In late November, a scientific publisher abruptly removed the abstract of a study from its webpage. The as-yet-unpublished research, which would have appeared in the journal Frontiers in Public Health, concluded that unvaccinated children are less likely to suffer from autism (among other ailments). The abstract was taken down after a severe Twitter backlash.
Motherboard has determined that the research in question was funded mostly by actor Jenny McCarthy’s autism awareness nonprofit, Generation Rescue. McCarthy has famously spread the dangerously inaccurate, and scientifically unsound, view that vaccines can cause autism in otherwise healthy children. (She has somewhat softened this view in recent years.)
Generation Rescue describes its goal as aiding in “recovery” of kids with autism spectrum disorders, although it is widely seen as a platform for “anti-vaxxers”—people opposed to vaccinations. Although Generation Rescue board member and co-founder J.B. Handley rejects the anti-vaxxer label, its website still includes resources on how to avoid vaccinations, for example. And the group is open to funding more research.
Funding from a group with a vested interest might warrant an added degree of skepticism
No matter how troubling on its surface, ethicists say that having a nonprofit like Generation Rescue fund of this type of study isn’t a red flag in and of itself: plenty of private companies and nonprofits pay for science. With President-elect Donald Trump threatening to cut back on funding, researchers will likely have to rely even more on private money.
Still, National Institutes of Health bioethicist David Resnik told Motherboard that funding from a particular group with a vested interest might warrant an added degree of skepticism. “You might re-examine the data more closely than you would otherwise because you think that, maybe, there is some potential bias that is affected by the research.”
The study, which Frontiers has put back under review, was based on an anonymous online questionnaire completed by mothers in four states (Florida, Louisiana, Mississippi and Oregon), and was forwarded to them via homeschooling organizations. The survey included 666 kids aged six to twelve, 39 per cent of them unvaccinated. The study found that, within this sample, vaccinated kids had higher rates of allergies and neurodevelopmental disorders than those who were not vaccinated.

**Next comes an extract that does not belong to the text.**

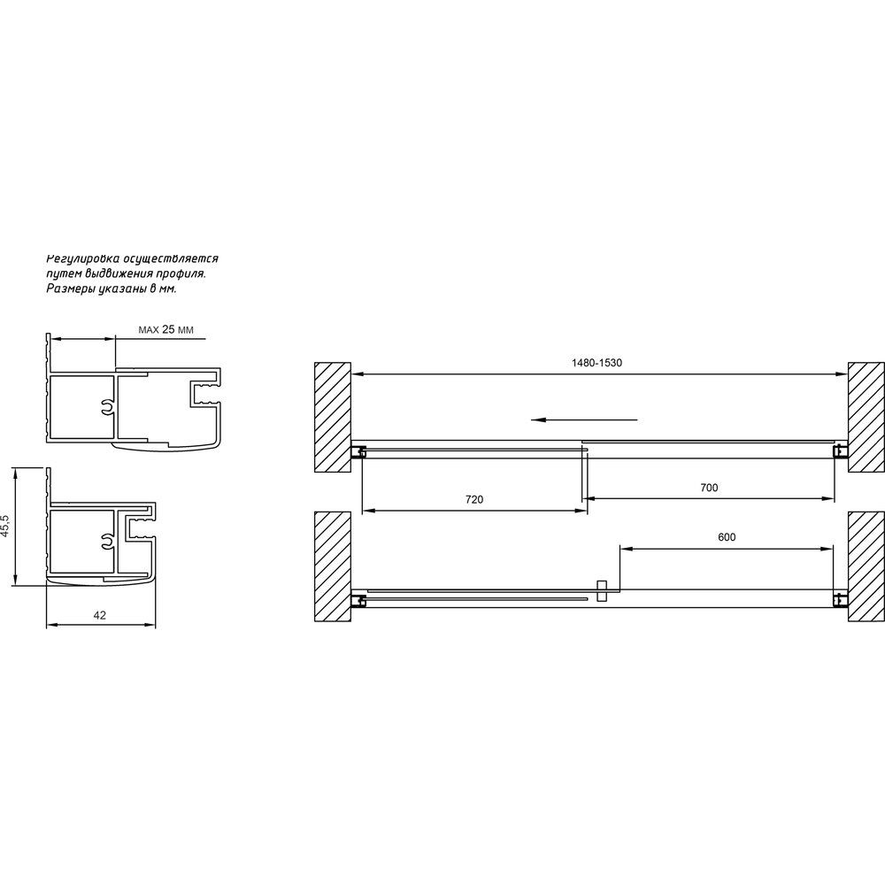 Душевая дверь в нишу Vegas Glass ZP NOVO 150 07 01 150 см, профиль матовый хром, стекло прозрачное

There are some issues here: for starters, the study was based “on mothers’ reports,” as the abstract notes. On his blog Respectful Insolence, cancer surgeon David Gorski took issue with the tiny sample size and pointed out that homeschooling parents aren’t remotely the norm. This adds too many variables for this study to produce reliable results.
“Generation Rescue provided most of the funds for the study, but of course had no role in the study itself,” epidemiologist Anthony R. Mawson, study author and professor at Jackson State University’s School of Public Health Initiative, told Motherboard in an email. According to Mawson, the funding source was disclosed in the paper, although it did not appear in the study abstract that was later removed from the Frontiers site.
“I can assure you that we fully acknowledge the importance of vaccinations in public health,” Mawson said. When Motherboard emailed the official press contact of Frontiers for comment, the publisher declined to expand beyond an earlier statement.
Tobacco companies have been banned by many science publications from funding research
Ivan Oransky of Retraction Watch, which tracks scientific retractions, said that part of the problem is that government institutions have only limited budgets with which to fund research. “You’re left with pharma funding,” he said. “I wish that were different.”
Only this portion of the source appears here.